▸ Exercise aim
With the pictures left out, restate exactly the part below that opens with the line containing "Mare cristallino, una" and closes with the line containing "體育資訊10月22日訊 在本".

▸ Source data
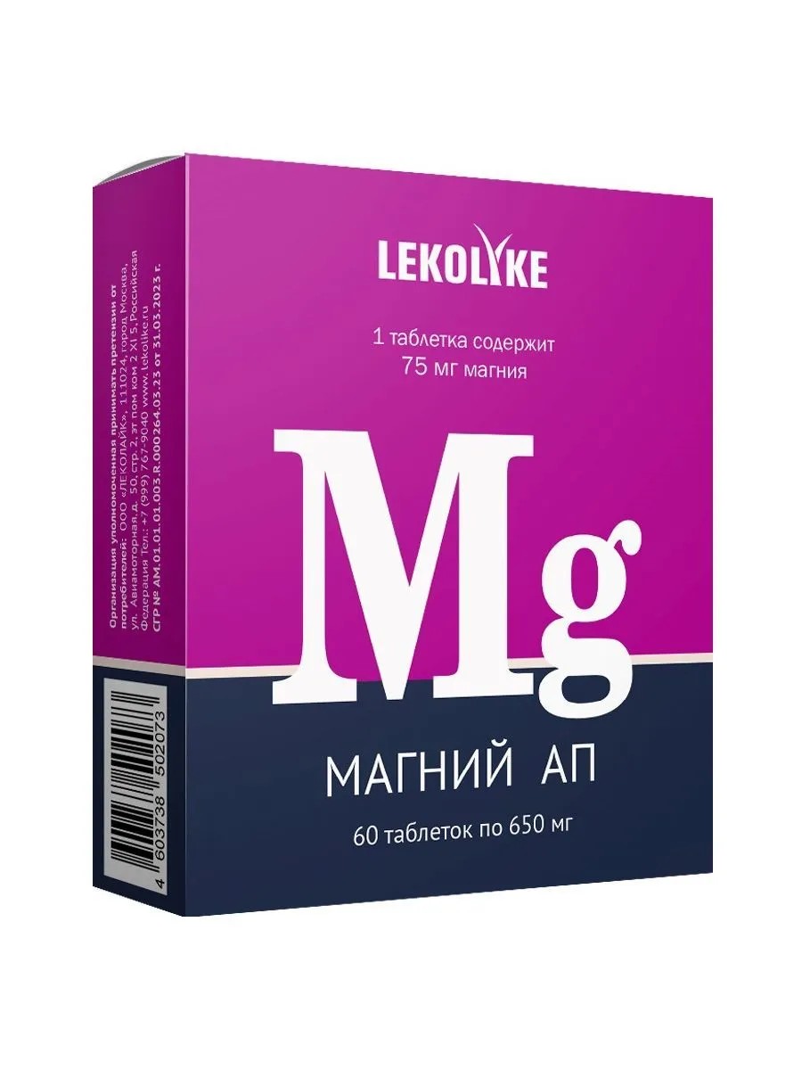 lekolike магний ап n60 табл по 650мг. способствует повышению уровня стрессоустойчивости, улучшению функционального состояния органов и систем организма, профилактике преждевременного старения, устранения дефицита магния. в качестве биологически активной добавки к пище - дополнительный источник магния. магния цитрат, агенты антислеживающие - целлюлоза микрокристаллическая, диоксид кремния, кальциевая соль стеариновой кислоты (агенты антислеживающие). для реализации населению в качестве биологически активной добавки к пище – дополнительного источника магния.
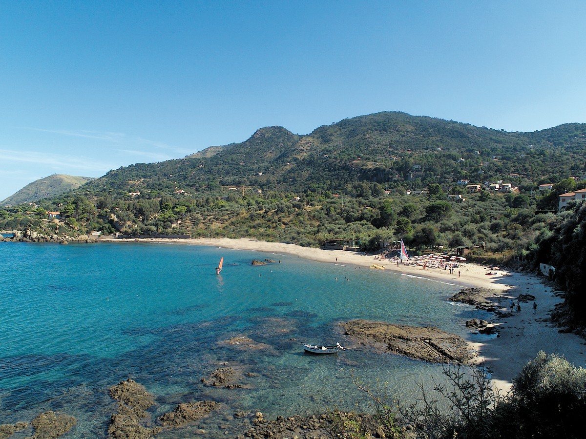 Mare cristallino, una baia unica al mondo per posizione e bellezza, di sabbia, piccoli ciottoli e scogli bassi consentono un accesso dolce al mare, piacevole anche per gli ospiti più piccoli. La spiaggia è raggiungibile a piedi attraverso un sentiero di vegetazione mediterranea o tramite servizio navetta dalle 8.00 alle 19.30. Tra i servizi: beach bar, lettini e ombrelloni riservati agli ospiti, anche nel prato antistante la spiaggia.
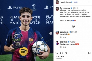 體育資訊10月22日訊 在本輪歐冠小組賽的一場(chǎng)比賽中,巴薩主場(chǎng)6-1擊敗奧林匹亞科斯,比賽中巴薩邊鋒費(fèi)爾明上演帽子戲法。
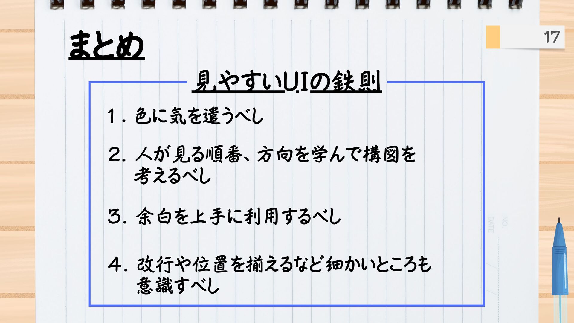 まとめ まとめ 17 見やすいUIの鉄則 1 .色に気を遣うべし 2. 人が見る順番、方向を学んで構図を 考えるべし
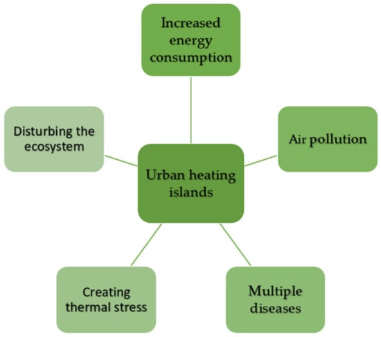 Research conducted in the United States indicates that road pavements constitute 20–40 percent of a city’s composition, while buildings account for 9–25 percent [,,]. Consequently, approximately 75% of a city’s surface is covered by materials such as asphalt–concrete blends and bituminous coatings on rooftops [,,]. These surfaces, characterized by their unique textures and darker hues compared to natural vegetation and soil, effectively store heat through radiation [,]. Furthermore, the interplay between weather conditions, geographical features, and seasonal variations within a particular city significantly exacerbates this detrimental phenomenon [,]. The detrimental effects of UHIs manifest gradually and can be classified into two distinct categories: adverse effects on the environment and detrimental consequences for human health. These negative outcomes include global warming and the proliferation of various diseases, notably heart and skin disorders. Disturbingly, data from the Centers for Disease Control and Prevention reveal a stark reality: between 1979 and 1998, a staggering 7421 deaths in the United States were attributed to excessive heat [,]. According to Figure 2, some of the negative consequences of the UHI phenomenon include increased human demand for cooling, higher energy consumption, increased pollution, decreased air quality, heightened heat stress on urban residents, an elevated risk of heat-related diseases, and amplified global warming and abnormal ecosystem changes [,,,,].
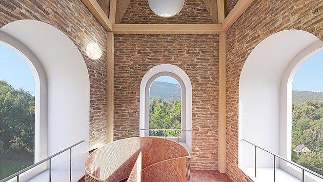 Vizualizace vyhlídky z evangelického kostela v Rudníku
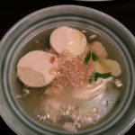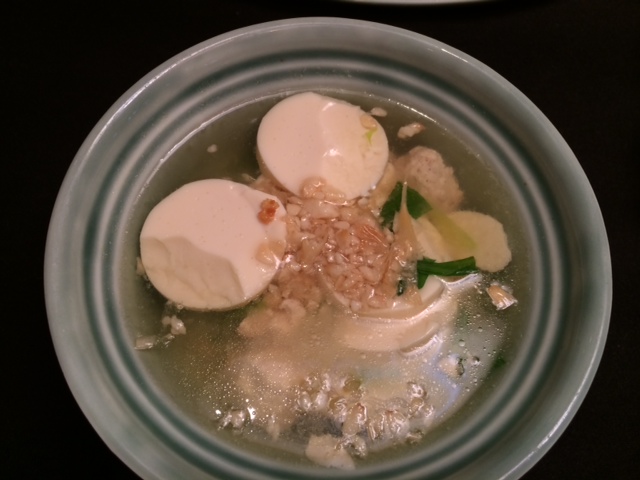 The next dish was Laab Kai–Thai minced Chicken salad with roastedglutinous rice. She got an ordinary grinder from home to show how easy it was to mince the chicken without taking recourse to fancy heavy duty mixer grinders. For the Kaeng Cherd Tauhu which was a Silky bean curd soup with chicken dumplings, one could use the commercial stock cubes available in the market.
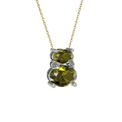 Peridot ve pırlanta 18 ayar beyaz altın kolye (0.036 karat, 40 cm gümüş rolo zincir)

▸ Solution to this task
 Mare cristallino, una baia unica al mondo per posizione e bellezza, di sabbia, piccoli ciottoli e scogli bassi consentono un accesso dolce al mare, piacevole anche per gli ospiti più piccoli. La spiaggia è raggiungibile a piedi attraverso un sentiero di vegetazione mediterranea o tramite servizio navetta dalle 8.00 alle 19.30. Tra i servizi: beach bar, lettini e ombrelloni riservati agli ospiti, anche nel prato antistante la spiaggia.
 體育資訊10月22日訊 在本輪歐冠小組賽的一場(chǎng)比賽中,巴薩主場(chǎng)6-1擊敗奧林匹亞科斯,比賽中巴薩邊鋒費(fèi)爾明上演帽子戲法。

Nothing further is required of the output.